Why Kings Confess

The colonel looked up, his hazel eyes blinking several times. “Would it stop you if I did?” he asked, leaning back in his own chair as Sebastian sat down.

The Frenchman was tall and well built, although illness and injury had left him thin and his face sallow. Sebastian could see scattered strands of white in his sandy hair and thick mustache; lines dug deep by weather and endured pain fanned the skin beside his eyes.

Sebastian cast a significant glance around the crowded room. “Popular place.”

“It is, is it not?”

“I assume that’s why you come here?”

A slow gleam of amusement warmed the other man’s gaze. “I find I enjoy the company of military men, whatever their uniform.”

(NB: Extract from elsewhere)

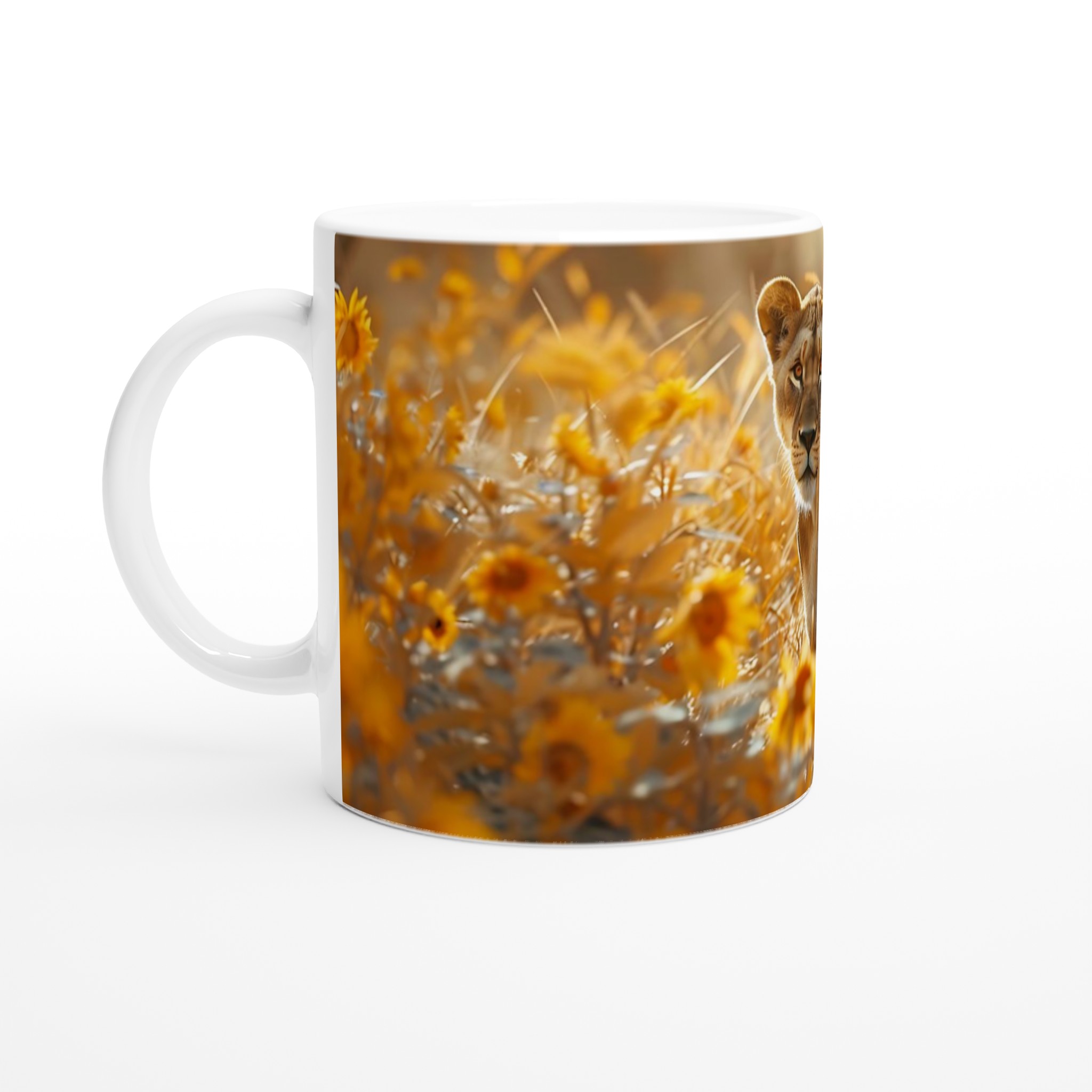 Fånga den majestätiska skönheten och den gyllene värmen från savannen varje gång du tar en klunk med vår ”Solkysst Lejoninna” mugg. Inspirerad av solnedgångens varma färger och naturens vilda elegans, framhäver denna mugg ett skarpt och levande tryck som verkligen sticker ut. Oavsett om du väljer en personlig design, ett inspirerande citat eller den storslagna lejoninnan som blickar ut över ett fält av solrosor, är denna mugg en perfekt present till någon du tycker om eller en uppskattad del av din egen samling.

“I hear you were in Russia.”

“Yes.”

“There aren’t many who staggered out of that fiasco alive. With the exception of Napoléon himself, of course.”

“No.”

Sebastian rested his forearms on the tabletop and leaned into them. “Let’s get over rough ground as quickly as possible, shall we? I know why Vaundreuil is here. What I don’t know is why someone would stab Damion Pelletan in the back and cut out his heart. The most obvious reason would be to disrupt your mission. The mutilation of the corpse seems rather macabre, but it could be a subtle warning directed at Monsieur Vaundreuil, who I understand suffers from a heart condition.”

The colonel took a slow sip of his coffee and said nothing.

“Then again,” said Sebastian, “Pelletan could have been killed because he had in some way become a threat to the success of your mission.”

“Is that why you are here? Because you consider me a reasonable suspect?”

“You don’t think you should be?”

Foucher eased one thumb and forefinger down over his flaring mustache. “If he had simply been killed, I could see that, yes. But the very flamboyance of his murder tends to work against such an argument, does it not?”

“It does. Unless the killer were fueled by anger or the kind of bloodlust one sometimes sees on the battlefield.” Sebastian let his gaze drift around the noisy room. “We’ve both known men who enjoy mutilating the bodies of their fallen enemies.”

Again the colonel sipped his coffee and remained silent.

Sebastian said, “There is of course a third possibility: that Pelletan was killed for personal reasons. It’s unlikely, given that he was only in London for three weeks. But it is still an option.”

The French colonel reached for his cup again with a care that suggested his lingering injury might be to his right arm or shoulder. “You know about the woman, I assume?”

Sebastian watched the other man’s face, but Foucher was very good at giving nothing away. “What woman?”

“The wife of some duke—or perhaps it is the son of a duke.”

“You mean Lord Peter Radcliff?”

“Yes, that is it; his wife is very beautiful. So you do know her?”

“Yes.”

The Frenchman drained his coffee and set it aside. “The husbands of beautiful women are frequently subject to passionate fits of jealousy; jealousy and possessiveness. If you seek a personal motive, that might be a good place to start, yes? Particularly given the removal of Pelletan’s heart.”

“Did you know that Pelletan was killed on the twentieth anniversary of the execution of Louis XVI?”

“No, I did not. You believe that to be significant?”

“Rather a coincidence if it is not, wouldn’t you agree?”

The colonel wiped his mustache again and rose to his feet. “Life is full of coincidences.”

He started to turn.

Sebastian stopped him by saying, “Why do you think Ambrose LaChapelle attended Pelletan’s funeral mass?”

“Perhaps you should ask him,” said the colonel.

Then he pushed his way through the laughing, jostling crowd, a tall, erect man with the bearing of a military officer surrounded by his nation’s enemies.





Chapter 20


By the time Sebastian reached the Half Moon Street town house of Lord and Lady Peter Radcliff, thick white clouds were pressing down on the city, and he could smell a hint of snow in the frosty air.

He didn’t expect to find Radcliff at home, and in that he was not disappointed. Lady Peter, also, was out. But a friendly conversation with a young kitchen maid scrubbing the area steps, her hands red with cold, elicited the information that the mistress had taken her small brother and a friend to Green Park. Sebastian thanked the girl and turned his steps toward the park.